How is the single mitotic division elaborated to a double meiotic division?

It is our view that the mitotic cell division program is ancestral and that meiosis (sexual differentiation) evolved from mitotic cell division. If this is true, then studying the differences between the control networks of the relatively simple single mitotic division, and those that enable the more complex, double meiotic divisions should provide fundamental insights into the evolution of complexity.

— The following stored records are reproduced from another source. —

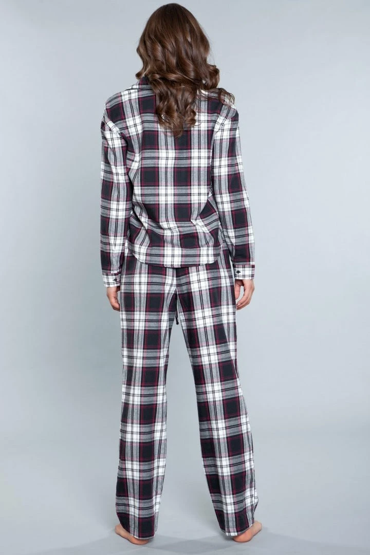 2 Piece. Long sleeve flannel set with button-down top and drawstring waistband pants. Turn inside out/ Wash separately machine wash cold/ Tumble dry low cool iron/do not dry clean. 100% cotton.
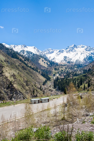 Панорама, зеленые горы, снег и голубое небо в Чимбулаке, Алматы, Казахстан
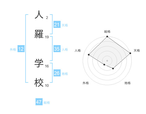 人羅 学校さんの総格は47画の5点!
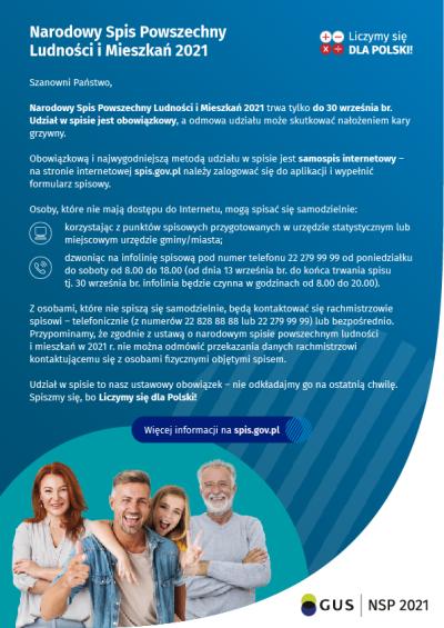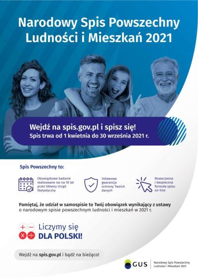 Nadal 16 % mieszkańców z naszej gminy nie wypełniło obowiązku spisowego. Narodowy Spis Powszechny Ludności i Mieszkań 2021 trwa tylko do 30 września br. Obowiązkową i najwygodniejszą metodą udziału w spisie jest samospis internetowy – na stronie internetowej spis.gov.pl należy zalogować się do aplikacji i wypełnić formularz spisowy.
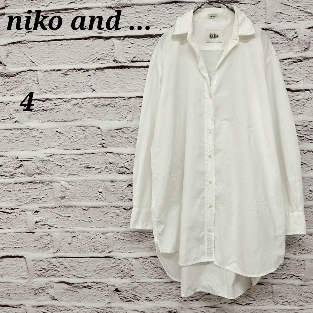 ニコアンド【4】 長袖ロングシャツ チュニック ラウンドヘム コットン ホワイト
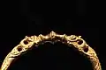 Chaque bracelet pèse un peu moins de 50 grammes. Deux des trois bracelets forment une paire, ils ne diffèrent que dans les détails. Le motif frappant ici est le chien qui court, un motif qui remonte à l'artisanat antique classique[4]. Le troisième anneau correspond stylistiquement au quatrième collier.
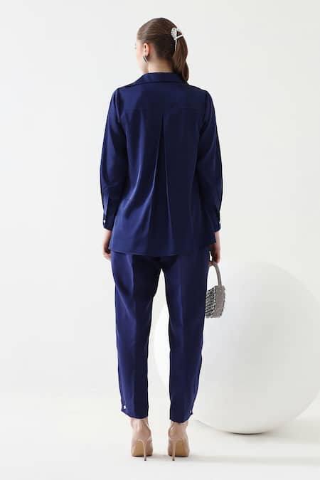Blue draped shirt featuring floral embroidery and a shirt collar, paired with a crepe pant. The set includes an inner layer made of Lycra.

Our previous research compared the biochemical activities of the Cyclin-dependent kinase Cdk1 and the related kinase Ime2. Cdk1 and Ime2 can phosphorylate the same targets on distinct sites and give the same output control. However, Cdk1-dependent phosphates can be removed by the phosphatase Cdc14, while Ime2-dependent phosphates cannot. This distinct recognition by phosphatases has been useful in the evolution of the double meiotic division because it enables the uncoupling of the DNA replication and spindle replication cycles (see Mol. Cell 2007).

We will build on these studies by further defining the biochemical specificities and in vivo targets of Ime2 and related kinases such as Cdc5. We will use a combination of chemical genetics with quantitative high-throughput mass spectrometry (see Science 2009) to better define kinase and phosphatase targets in vivo. We will use reconstitution of regulation in vitro and perturbations in vivo to understand the importance of phosphoregulation events, with a particular emphaisis on events that are coregulated by Ime2 and Cdk1.